0

Here is the following issue I am trying to solve. Computing the number of distinct elements from the following sequence within a tolerance:

var l = new List<double>() { 0, 0 + 1e-7, 0 + 2e-7, 1 - 1e-7, 1 };

The list is sorted, and all values are distinct (using the default equality comparer to compare values).

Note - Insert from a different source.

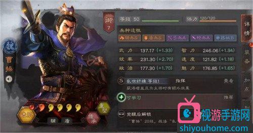 曹操被称为战略版的万金油。具有许多优点:骑兵、盾兵两S级兵种适应性和高统率成长,辅助、奶、肉控制等。曹操自带指挥战法乱世奸雄,战斗中对2名友军提高伤害,对自己降低伤害。做主将的时候,副将给予伤害的话,曹操一定的兵力就会恢复。曹操的自带战法非常适合肉盾,不仅能提高友军的伤害,还能降低自己受到的伤害,对受伤的耐受性和辅助能力也很优秀。在担任队长期间,曹操变得更加肉,通过副将的输出恢复兵力,可以给曹操承受更大的伤害。

How can I count the number of unique values within a particular tolerance value:

static bool IsWithinTolerance(double x, double y)
{
    return Math.Abs(x - y) < 1e-6;
}
malat
  • 12,152
  • 13
  • 89
  • 158
  • 1
    The keyword is clustering ... – derpirscher Sep 24 '21 at 09:11
  • 3
    What if you have 3 elements a, b, c and (a,b) pair is withing tolerance while (b,c) pair is too withing tolerance, but (a, c) is not? – Evk Sep 24 '21 at 09:14
  • @Evk I suspect this does not change the actual number of clusters, finding the proper barycenter for each cluster is a different issue... – malat Sep 24 '21 at 09:18
  • What's the expected output for the sequence `[0, 0 - tolerance, 0 + tolerance]`? Is that 1 cluster, since the last element is within tolerance of `0`, or 2 clusters, since the last element is not within tolerance of `0 - tolerance`? In other words, when testing to see whether an item is a member of the current cluster, do you compare against the closest bound of the cluster, the first element of the cluster, or something else? – canton7 Sep 24 '21 at 09:23
  • @canton7 / evk you were right, I need to compute the centroids first. – malat Sep 24 '21 at 09:27
  • Maybe you just want to round to x decimal places In to a sorted dictionary or hashtable like histogram buckets – TheGeneral Sep 24 '21 at 09:28
  • @canton7 while true - the list you provided is not sorted, and question mentions sorted list. – Evk Sep 24 '21 at 09:32
  • @Evk Good point. `[0 - tolerance, 0, 0 + tolerance]` then -- it has the same question – canton7 Sep 24 '21 at 09:33

1 Answers1

1

You can define a dictionary that stores your results:

var result = new Dictionary<double,List<double>>();

Then you loop over the list, and check if the dictionary contains a key which is in tolerance with your list item. If so, you add the item to the list in the dictionary with this key. If not, you add a new list to the dictionary:

foreach(var i in l)
{
    double? key = result.Keys.Any(x => IsWithinTolerance(x,i)) ? result.Keys.First(x => IsWithinTolerance(x,i)) : default(double?);
    if(key == null)
    {
        result.Add(i, new List<double> { i });
    }
    else
    {
        result[key.Value].Add(i); // requires GetHashCode
    }
}

Warning: this code does not solve the problems that Evk and canton7 noted in their comments to the question. Only use it if your clusters are clearly to be recognized and the members of each cluster are very close to each other.

Online demo: https://dotnetfiddle.net/MkF1QX

malat
  • 12,152
  • 13
  • 89
  • 158
SomeBody
  • 7,515
  • 2
  • 17
  • 33